Starc had opposite number James Anderson in his sights as he reflected on his own injury-enforced absence and then backed replacement Jackson Bird to make England’s all-time leading wicket-taker eat his words.

Australia's Josh Hazelwood , Pat Cummins and Jackson Bird  during a nets session at the MCG. Picture: Jason O'Brien/PA

Australia's Josh Hazelwood , Pat Cummins and Jackson Bird during a nets session at the MCG. Picture: Jason O'Brien/PA

Anderson’s observations - that Australia’s pace resources lack depth - came with England 3-0 down and already beaten in this Ashes series, thanks in part to a home attack led by Starc.

Cricket Australia has confirmed the left-armer will sit out the showpiece fourth Test as the hosts bid to close on a 5-0 whitewash.

Starc then said: “It’d be pretty selfish of me to go into a game not 100 per cent - especially when Jacko is waiting there and bowling really well.

“I’m really happy for him to get a go, and I hope he takes ‘five-for’ and sticks it up this daft comment from the Poms.”

They haven’t taken 20 wickets yet in the series, and we have - then they’re having a crack at our depth. I think they’ve got bigger things to worry about than the depth of Australian fast bowlers.

Mitchell Starc

Starc and combative opening batsman David Warner were the men doing the talking for Australia on Christmas Eve, and predictably neither held back.

The series’ leading wicket-taker added: “I certainly don’t like facing Jacko in the nets, so I’m looking forward to seeing what he can do to the English batters.

“He still bowls quick enough - pretty sure he still bowls quicker than the Poms. They haven’t taken 20 wickets yet in the series, and we have - then they’re having a crack at our depth.

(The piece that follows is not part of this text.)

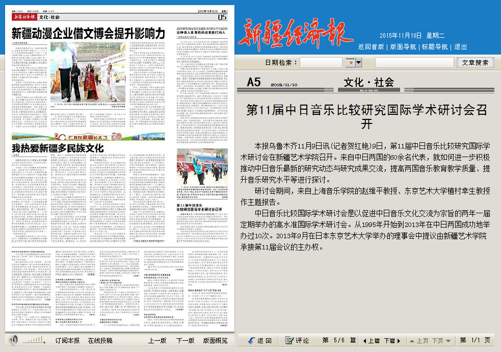 【新闻报道】本报乌鲁木齐11月9日讯(记者贺红艳)9日,第11届中日音乐比较研究国际学术研讨会在新疆艺术学院召开。来自中日两国的60余名代表,就如何进一步积极推动中日音乐最新的研究动态与研究成果交流,提高两国音乐教育教学质量、提升音乐研究水平等进行探讨。
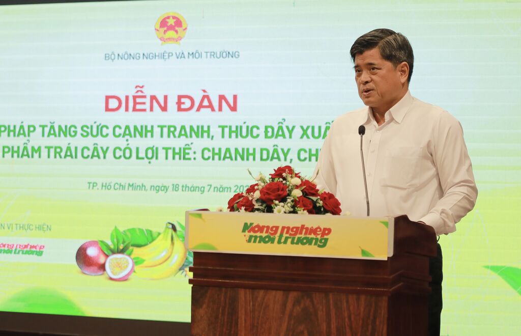 | Le vice-ministre Trân Thanh Nam de l'Agriculture et de l'Environnement au forum intitulé "Solutions pour améliorer la compétitivité et promouvoir l'exportation de fruits à fort potentiel", le 18 juillet à Hô Chi Minh-Ville. |

“I think they’ve got bigger things to worry about than the depth of Australian fast bowlers.”

There will be no let-up in the barrage of short balls for England’s batsmen from one to 11.

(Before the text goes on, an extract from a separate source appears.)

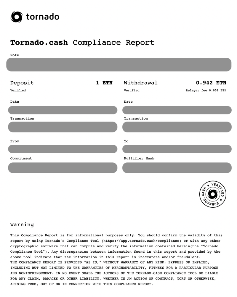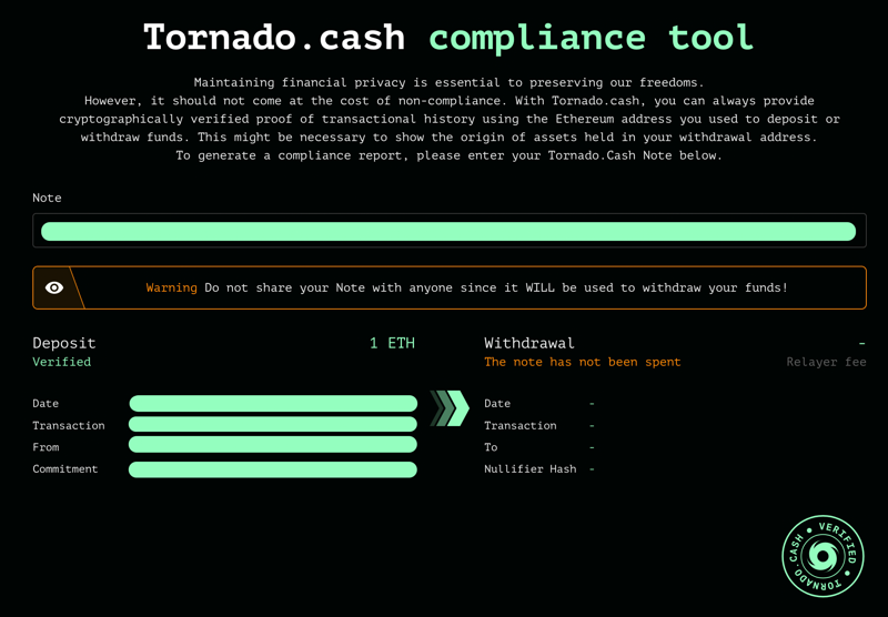 因此，如果您需要证明从 Tornado.Cash 池中提取的资产的来源，我们邀请您使用以下[合规工具](https://tornadoeth.cash/compliance)👍

Starc said: “I’m pretty sure our guys have copped enough bouncers, and we haven’t whinged about it yet - as far as I know, our guys will keep bouncing their batters.

“The plan to the tail has always been the same, be very aggressive, bowl fast, get up in their noses and have them jumping around.

“We’re 3-0 up ... and I hope by the end of the week, it’s 4-0 ... and they won’t have too much else to say.”

Warner soon took guard on the same subject.

“We don’t dwell on what (Anderson) says at all. He can fire those barbs ... but our depth is fantastic.

“I just think England aren’t used to producing fast bowlers.”

Reminded that Anderson had a few things to say to home captain Steve Smith while England were briefly competitive in the second Test at Adelaide, Warner added: “Conditions must have suited Jimmy there.

“He talks about us being up all the time when we’re in front - but (it was) a different story there when he was firing shots at the captain apparently.

“Then he went very quiet as soon as he saw the wicket went quite flat at the WACA.

“We’ve probably shut them up a little bit at the moment ... (but) I love it when we’re in a bit of a contest, and I feel like they were quite flat in WA.”

Smith took a blow to his right hand in bizarre circumstances while waiting to bat in the MCG nets on Sunday when a shot from Cameron Bancroft ricocheted out of his lane.

Warner confirmed the ball struck Smith on a part of his hand already sore from a winter of slip-catching, but insists there is no serious damage.

“He just said before ‘What are the chances of me getting hit on the sore hand?’

“But he’s fine ... there’s absolutely nothing wrong with him.”